I think I'm just afraid of myself. What person I am. I'm going to just use them for my benefit. I'm gonna bond with them to save my sister. Is it worth, to destroy the trust of my seven amazing soulmates?

I wasn't even able to sleep. Thoughts clouded my mind, not leaving for the mere second. One thing I realized I'm selfish. Good thing, that I admit it. I need to close my feelings, I need to concentrate on saving my dear sister's life. I would think of incomes after I see my sister happy and alive.

I pull myself and take a deep breath. My hand knocks on the door. Here I'm, at my seven handsome soulmates' house. After knocking, I just stand there waiting for someone to open the door. It was long when the door was wide open.

There stood a guy with the most beautiful smile I have seen. I think it's Jimin. His eyes were shaped like a crescent and his cheeks were adorable. "here you came. We were waiting for you" Jimin said pulling me from outside.

He was going straight to the living room. Jimin took a few glances at me from time to time. We reached the living room and there they were sitting my other six good-looking soulmates. One from one they took a glance at me and said their greetings.

Jimin pulled me to sit next to him and the couch. On the other side of me was sitting Taehyung. He gave me one of his famous boxy smiles and I let myself smile at him too. Namjoon cleared his throat gathering my attention.

"I think, you know why you here and what are we gonna talk about" Namjoon started. I nodded at him. "Of course, it's quite obvious after yesterday's events." I felt a little anxious, but I let it slid down for now.
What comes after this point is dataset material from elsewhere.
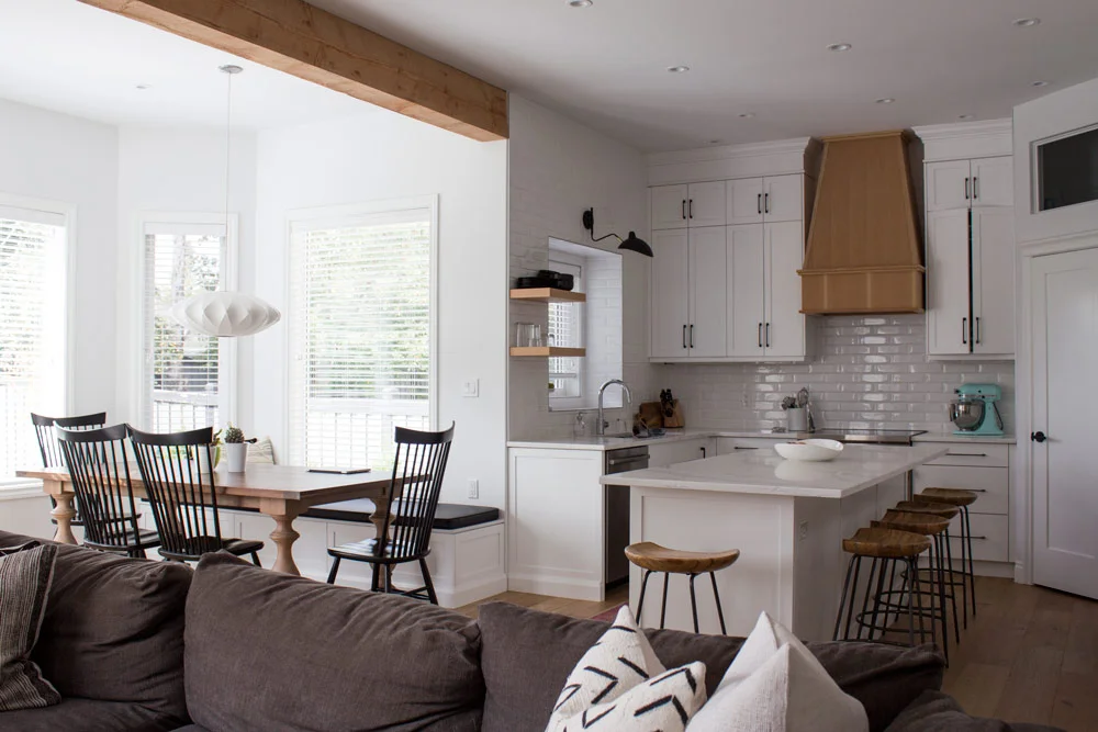 To come into the new era this early 90’s home needed a full overhaul to escape dusty pink, brass and columns. Fresh bright spaces that flowed, more storage and usable space was what this busy family of five wanted.

"After yesterday we all were shocked at least to say. I understand it's hard to meet your soulmates like that. Not only one, but seven at the same time." Namjoon said. I saw how his eyes hold so much power over them.

"And we are very happy to finally meet you! You don't even know how much we waited for this to happen. To find you" Hoseok interrupted Namjoon, he was so happy to have me.

"Hobi is right, we are very happy to finally meet you as our last soulmate. And we fully understand that you want time to take our bond. It's not easy to have seven soulmates and it's quite hard to... To accept. But like we said we are gonna wait no matter what"I felt how uneasy Namjoon was.

I looked around at them and saw the same expression that Namjoon had. They all felt uneasy, that maybe I don't accept them. I don't care if I have seven of them. I never cared. I would admit, I'm glad to have them as my soulmates. But in this situation, I'm dread of hurting these nice souls.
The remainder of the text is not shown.